12 of 12 people found the following review helpful
5.0 out of 5 stars A Masterpiece July 3 2000
By M. Fantino - Published on Amazon.com
Format:Hardcover
Carlo Middione's THE FOOD OF SOUTHERN ITALY is of that rare category of cookbooks in that you are never sure which you like doing more, cooking from his book, or reading it in a comfortable chair. You can hear his voice as you read his heartwarming stories of his fascinating life and culture. The recipes are fantastic, 'Nfigghiulata Antica, Cozze con le Salsicce and his different ways of doing Baccala are among my favorites from this book. This is a very well researched landmark in Regional Italian Cuisine, that's why it stands out. Mr. Middione is in the same legue as Waverly Root and Elizabeth David.
10 of 10 people found the following review helpful
5.0 out of 5 stars Great book -- not just readable, but usable July 6 2003
By Brian Connors - Published on Amazon.com
Format:Hardcover
Got it years and years ago -- maybe late 80s -- one of my first cookbook purchases when I was still in Middle School as a matter of fact. Excellent book (I highly recommend the Sicilian rosemary chicken). My dust jacket is damaged well beyond repair, and common sense tells me I should have thrown it out long ago, but I don't want to. The recipes are great, the graphic design of the book is unique and easy to read, and the pictures are some of the slickest and most appetizing I've ever seen in an American cookbook.

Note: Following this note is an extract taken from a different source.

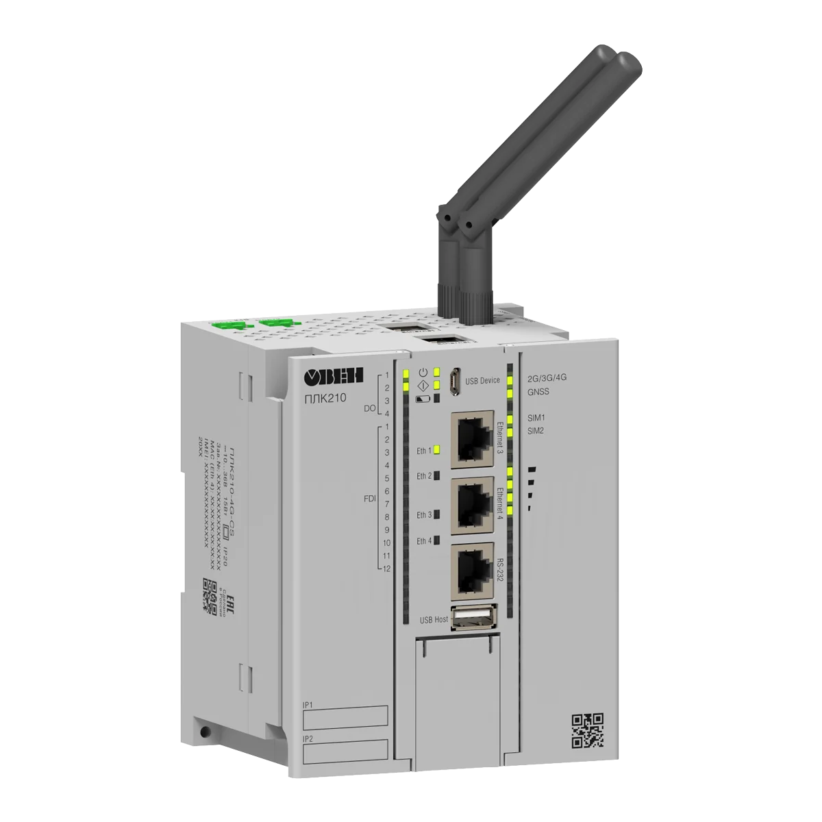 ОВЕН ПЛК210-4G – высокопроизводительный моноблочный контроллер со встроенным LTE-модемом, модулем GNSS (GPS/ГЛОНАСС) и тремя RS-485. Подходит для автоматизации территориально распределенных объектов, где необходимо использовать мобильную сеть, и выполняет роль коммуникационного контроллера для диспетчеризации.

My only complaint with the book is that it's a bit too professional -- tools like raviolatrici (a very hard-to-find rolling-pin-like device used for making ravioli) and plaques au four (basically a huge cookie sheet) are not readily available in many places, requiring recourse to restaurant supply houses and large Italian neighborhoods; also, there is a one-size-fits-all approach to certain things such as bread dough that fits perfectly into a catering business such as the author's Vivande Porte Via but short-shrifts the richness of traditional Italian baking. These are minor issues, though, worthy of docking a half-star at most, and all the recipes are still quite usable for the home cook, and even then the professional mentality still leads to a great attention to detail. The book is eminently usable.

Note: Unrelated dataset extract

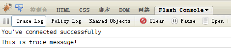 Flashbug使用方法非常简单,通过Firefox“工具”栏,或者点击“状态栏”右侧甲壳虫图标打开Firebug窗口,点击切换到“Flash Console”标签,就可以看到网页Flash的trace输出信息,还有Flash请求策略文件(crossdomain.xml)的过程,以及Flash使用Shared Objects(在Flash上使用的一种类似Cookie的对象)数据。如下图:

Published in 1987, this is now quite an old book, but it's still in my opinion a classic of Italian cooking. Just prepare yourself for the possibility that you might need a second copy in case your main copy gets trashed in the kitchen.
8 of 8 people found the following review helpful
5.0 out of 5 stars Great Recipes April 29 1999
By A Customer - Published on Amazon.com
Format:Hardcover
I have watched Carlo cook on TV and tried to write down his recipes. Finally I broke down and bought the book. It is even better than the TV show. Tonight I am cooking Calzone Neapolitan Style. I have no doubt it will be one of our favorites. Buy the book. I love it.

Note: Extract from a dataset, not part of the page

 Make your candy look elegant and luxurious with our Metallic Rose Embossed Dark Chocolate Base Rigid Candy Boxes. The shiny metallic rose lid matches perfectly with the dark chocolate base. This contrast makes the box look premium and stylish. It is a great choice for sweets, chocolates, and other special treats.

7 of 7 people found the following review helpful
5.0 out of 5 stars Mama Italia passed it on March 15 2002
By A Customer - Published on Amazon.com
Format:Hardcover
This book is DIVINE! My Italian mother-in-law, of whom still resides in southern Italy, gave me this book to take home and feed her son. It is a wonderful book that always makes my husband smile! The recipes are just like the ones I was shown in Italy. Everything is very simple to prepare and tastes fabulous! Take heed from a woman married to man who loves his mother's cooking, it is great!